In September, nestled in the courtyard of Andrew Carnegie's former mansion in the old moneyed area of Manhattan, the Cooper-Hewitt Museum mounted an exhibit asking, without a hint of irony: Why do the world's cleverest designers cater to the richest 10 per cent when "the other 90 per cent" - a huge worldwide market - desperately need design ideas for those living on $2 a day?
Sure, you may have a few hundred clients interested in the newest couture coat but there are literally tens of millions of customers worldwide clamouring for a $25 water pump.
"A billion customers in the world are waiting for a $2 pair of eyeglasses, a $10 solar lantern and a $100 house," Dr Paul Polak, a former psychiatrist who now runs a organisation that helps poor farmers become entrepreneurs, told the New York Times.
Interestingly, it was the simplest, forehead-thumping solutions in the exhibit that were the most inspiring.
Design problem: Millions of women and children worldwide endure backbreaking labour carrying open, unstable, heavy water containers on their heads for long distances.
The solution: the Q-Drum, invented by brothers Hans and Piet Hendrikse, a South African architect and engineer. Even a child can pull up to 50 litres of water in the doughnut-shaped plastic drum as it rolls along the ground, threaded by a rope through its centre hole, with a screw cap on the side. Whoever said reinventing the wheel didn't make sense?
In a field test, one family of 13 used the drum daily, travelling 12,000km in just over 20 months, providing 120,000 litres of potable water. Not bad for a large donut on a string.
Or consider how much you paid for your last pair of specs. The World Health Organisation estimates over 1 billion people in the developing world who need to see don't have a hope of affording glasses, let alone ever having an opportunity to see an optician.
Dr Joshua Silver of Oxford University has an answer, Adspecs. He has invented silicon fluid-filled lenses that are sandwiched between two polyester sheets.

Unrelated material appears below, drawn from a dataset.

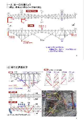 1.犀角山トンネル(参考資料 P13) 変状状況に応じた覆工補強、剥落対策を行うとともに、高森方出口から40mまでについては地山の切り取り撤去を行い、坑門を再設置する。 ・高森方40m付近においては、トンネル内に 490mm程度の横ずれが生じており、修復するためにはトンネル断面の大幅な拡幅が必要である。一方、トンネル周辺の地山及びトンネル出口斜面の地質は脆弱であること、第一白川橋りょうの復旧にあたり施工ヤードとして平場を確保しなければならないことから、トンネル出口方(高森側)の地山を切り取り撤去した上で、高森方の坑門を40mセットバックして、再設置する。また、第一白川橋りょう側の斜面については、動態観測の継続とともに、吹付枠工やグランドアンカー工による斜面補強を行う。 ・その他の箇所のうち、変状の大きい箇所については、補強対策として、ロックボルトやインバートの設置、既存内巻(鋼製支保工や吹きつけモルタル)の撤去、再構築を行う。変状の小さい箇所においては、浮き上がったコンクリートのたたき落とし、ひび割れ箇所の補修を行った上で、剥落対策としてFRP(繊維補強プラスチック)帯板及びFRPネットの設置等を実施する。 2.第一白川橋りょう(参考資料 P14) 復旧に当たっては、 ・起点方の側径間(1A−1P間)の一部の部材では、座屈変形や降伏応力に達する変形が生じており、架け替えが避けられない程の甚大な損傷を受けていこと ・上部工全体にわたり、支点の変位に伴い部材に大きな応力が発生し、特に、下弦材に引張降伏応力及び座屈応力が働いている可能性が高いことが構造解析により確認され、橋りょうの広範囲で部材の耐力が低下している可能性が高いこと ・仮に各部材を補強や交換する場合、支点変位による部材にかかる応力を解放した後、部材の残留応力や残存耐力を評価する必要があり、これに非常に多くの時間を要すること等の理由により、早期復旧を図る観点からは、上部工全体を架け替えざるを得ない と考える。 復旧に当たっては、以下の手順で進めることとなる。 @施工ヤードの整備 犀角山トンネルの出口方(高森側)地山を切り取り撤去し、橋りょう架け替え工事のための施工ヤードを整備する。 A斜面の補強及びブロックの設置工事 崩壊した斜面を補強するとともに、橋りょう撤去の準備作業として、橋りょうの下弦材を支えるブロックを斜面上に設置する。 B橋りょう下部工の補強工事 損傷した橋りょうの下部工(基礎部)を補強するため、コンクリート及び増し杭(マイクロパイル)を打設する。 C鉄塔及びケーブルの設置工事 橋りょう撤去の準備作業として、上弦材を支える鉄塔及びケーブルを設置するとともに、橋りょうの部材を撤去するためのワイヤー式つり上げクレーンを設置する。 D橋りょう部材の撤去 E橋りょうの新設 ・橋りょうの下部工については、基礎部に対する補強を行えば、上部工を支持するのに必要な性能まで回復できるものと考えられる。 3.戸下トンネル(参考資料 P15) 変状状況に応じた覆工補強、剥落対策、トンネル全長にわたる排水溝の再構築をそれぞれ実施する。 ・トンネル入口から約60m付近までは、大きな変状や覆工背面に空洞が見受けられることから、内巻、ロックボルト、裏込め注入を実施する。 ・その他の箇所においては、浮き上がったコンクリートのたたき落としやひび割れ箇所の補修を行った上で、剥落対策としてFRP帯板及びFRPネットの設置等を実施する。 ・トンネル全長にわたり、中央にある排水溝の撤去、再構築を行うとともに、道床交換を実施する。 ・第一白川橋りょう側の斜面については、トンネル坑口の上方、下方を含めて一体的な対策(石積擁壁の改修や吹付工等)が必要と考えられる。 4.立野橋りょう(参考資料 P10) 1P〜4Pの各橋脚について、以下の通り補修を行う。 1P:橋脚の全周を鋼板による巻き立て 2P:基礎コンクリートの拡幅、アンカーの再設置 3P、4P:ひび割れ箇所、ブロックが浮いている箇所に鋼板を当てて補修 5.斜面・擁壁(参考資料 P11) ・石積み擁壁については、ブロック積み擁壁に再構築する。なお、軽微なものについては鋼材で固定する。 ・崩壊した斜面については吹付枠工を、落石が懸念される箇所には落石防護柵等の設置を行う。 6.長陽駅〜中松駅間(参考資料 P12) ・被害の大きい 2箇所の盛土は、現盛土を撤去して、良質土を用いて安定勾配(斜面の崩壊が生じにくい勾配)により再構築する。その他、軌道陥没箇所の復旧や軌道整正等を実施する。 Y.復旧見通し・復旧費用 X.の復旧方法を前提として設計・工事が実施された場合の復旧見通し(設計・工事期間)及び復旧費用(概算)について検討したところ、以下の通りの結果となった。 最も復旧に時間を要するのは第一白川橋りょうの5年程度となっている。これは、架け替えが必要となるとともに、その前工程として、施工ヤードの整備等犀角山トンネルの工事を先行して実施する必要があるためである。 復旧費用については、全体

The lens can be self-adjusted by the wearer by simply varying the amount of fluid in each lens with a syringe. They sell for US$10 ($12.70) but Silver's goal is to reduce that price to US$1 as mass production increases.
As hopeful as it is to see designers finding new solutions to problems that confront huge populations, it is the innovation that is sparked from high tech hitting the streets that is moving the fastest.
In Uganda the word "Sente" originally meant money, but today it has come to mean "sending money as airtime" over a mobile phone. Let's say someone in Kampala wants to send funds to a family member in his home village. After purchasing phone minutes, he then texts the authorisation number to a phone kiosk operator in his rural village, who then takes a 10 per cent cut, adds the minutes to the village phone, then gives the family member the specified amount in cash.
Nokia's Jan Chipchase, who has spent years researching street innovation, says that manufacturers would never have figured out this kind of grassroots-generated ingenuity. Ugandans have turned any mobile phone user into an ATM machine, transforming a single village cellphone into an entire banking system.
But there is a huge rip in all this silver lining. Good ideas don't lift off the drawing board without a huge push. Dr Paul Polak says only 20 per cent of the problem is design, but 80 per cent of the challenge is distribution and marketing.
For all its simple ingenuity, the Q-drum has only sold several hundred so far. Its US$50 price tag is a deterrent until a cheaper manufacturing and distribution process can be solved.
By necessity, these products are united by being extremely cheap. Even then, the next hurdle of finding innovative ways to distribute to such huge markets is daunting. That's where solid ideas often hit a solid brick wall. Good design needs to be wedded to motivated capitalism.
Coca Cola has found a way to ingratiate itself into the farthest corners of the world.
Which begs the question: if Philippe Starck, or better yet, Coca Cola, had decided to distribute a Q-drum of its own design with all the power behind the worldwide brand, think how much impact good design could do for that "other 90 per cent" of the world who need it most. Now that would be world class.